Solo in seguito all’assolvimento di tale onere probatorio da parte dell’Agenzia delle Entrate spetterà al contribuente dimostrare di aver adoperato la diligenza massima esigibile da “un operatore accorto” (in tal senso, ex multis Cass., Sez. 5, 30 ottobre 2018, n. 27566; Cass., Sez. 5, 4 febbraio 2020, n. 2483; Cass., Sez. 5, 20 luglio 2020, n. 15369; Cass., Sez. 5, 13 gennaio 2021, n. 336).

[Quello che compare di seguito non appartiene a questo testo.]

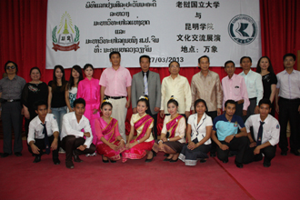 此次出访的主要目的,是落实今年2月陈书记率团访问老挝国立大学期间,与对方商谈的联合建立音体美专业的合作项目。经学校党政领导批准,由音乐、体育、美艺三个学院的党政领导和专业教师组成的代表团一行十人赴老挝国立大学。访问期间,体育学院赵平院长、周明副院长、音乐学院靳丽芬院长和美艺学院武新文院长、李正红副书记与老挝国立大学校方和老挝国立大学教育学院领导多次深入会谈和调研,全面细致了解了对方学校在音体美专业建设方面的现状和需求。在双方联合举办的“老挝国立大学•3044am永利官网文化交流展示会”上,靳院长的独唱、武院长的现场书法展示、周砚馨老师的小提琴演奏,以及徐立宏老师表演的八卦剑和太极拳等赢得老挝国立大学师生的阵阵掌声和喝彩。文化交流展示结束后,国立大学领导和师生兴致勃勃地观看了美艺学院精心选送的师生美术与艺术设计作品展。此外,体育学院周副院长和徐立宏老师还为体育专业的师生上了四堂示范课,深得师生好评。永利官网音体美三个学院均向对方赠送了礼品和部分器材。
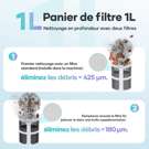 La cartouche filtrante de 1 litre est facile à retirer et à nettoyer, ce qui facilite l'entretien et le stockage.
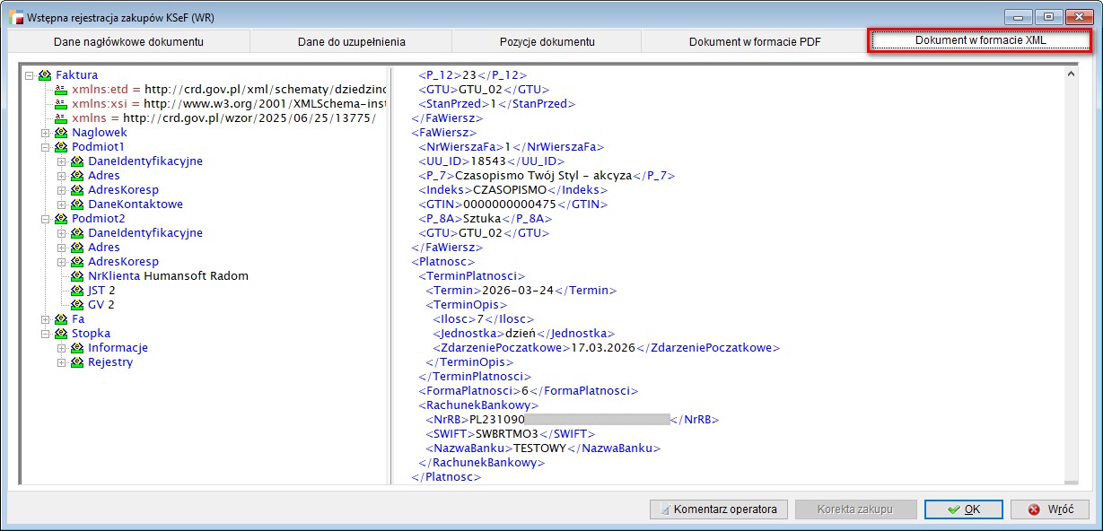 Opcja aktywna jest pod warunkiem posiadania modułu KSeF.
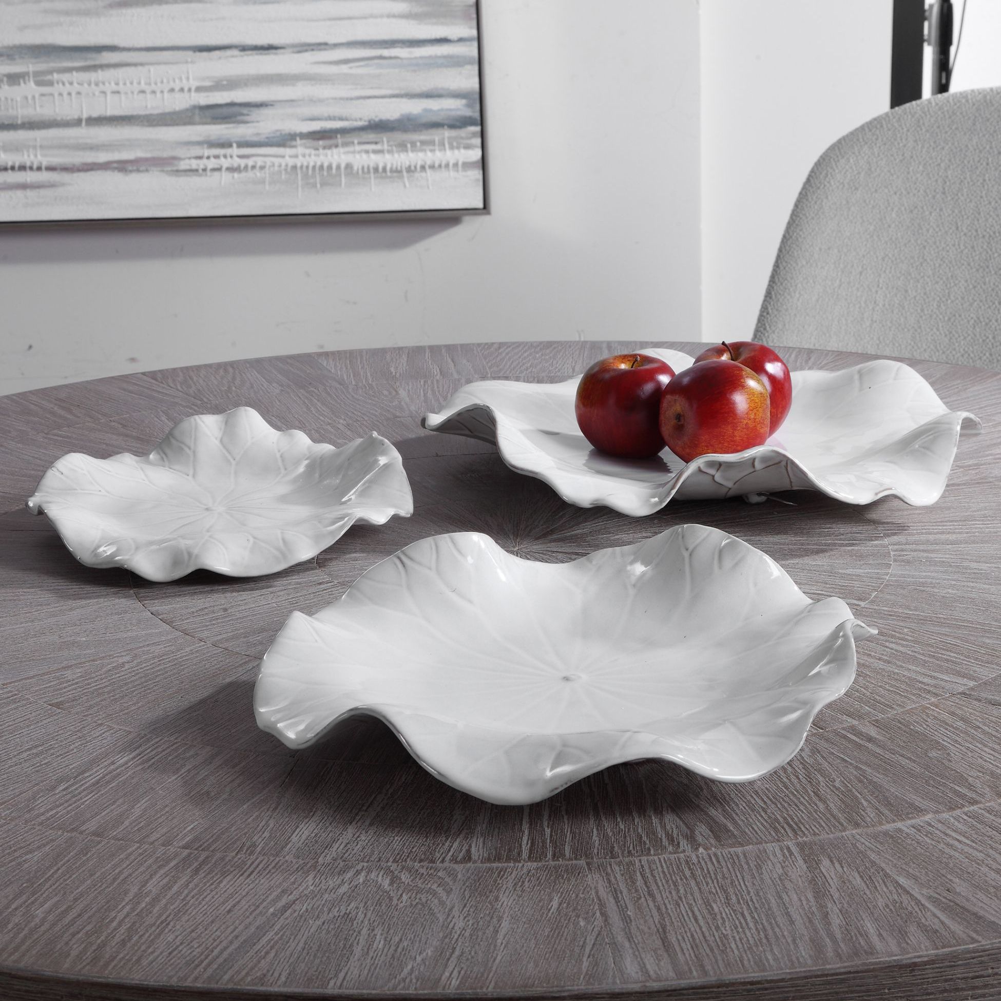 Abella 18"W White 3-Piece Flower Ceramic Wall Art Set

Orbene, nella fattispecie, a detta della Suprema Corte, “…il giudice di secondo grado ha accertato l’estraneità della contribuente ad ogni coinvolgimento nelle operazioni soggettivamente inesistenti, valutando l’irrilevanza presuntiva delle circostanze dedotte dall’amministrazione finanziaria in sede di accertamento, in particolare la mancanza di una sede operativa adeguata allo svolgimento dell’attività commerciale e la omissione della tenuta della contabilità. Secondo la sentenza impugnata, infatti, “nella fattispecie in esame, l’unica circostanza valorizzata in sede di accertamento dai verificatori è quella secondo cui la società cedente non aveva “mai avuto una sede operativa adeguata allo svolgimento dell’attività asseritamente svolta, nè tenuto conto della contabilità”; tale circostanza, a giudizio di questa Commissione, è da sè sola inidonea a costituire prova presuntiva dello stato soggettivo del contraente, di “consapevolezza che l’operazione si inseriva in un’evasione dell’imposta””. Difatti, le circostanze poste a base dell’accertamento della polizia tributaria (peraltro, non riprodotte in ricorso ai fini dell’autosufficienza) non sono idonee a presumere la conoscibilità per il contribuente della natura fittizia [dell’attività svolta]…”.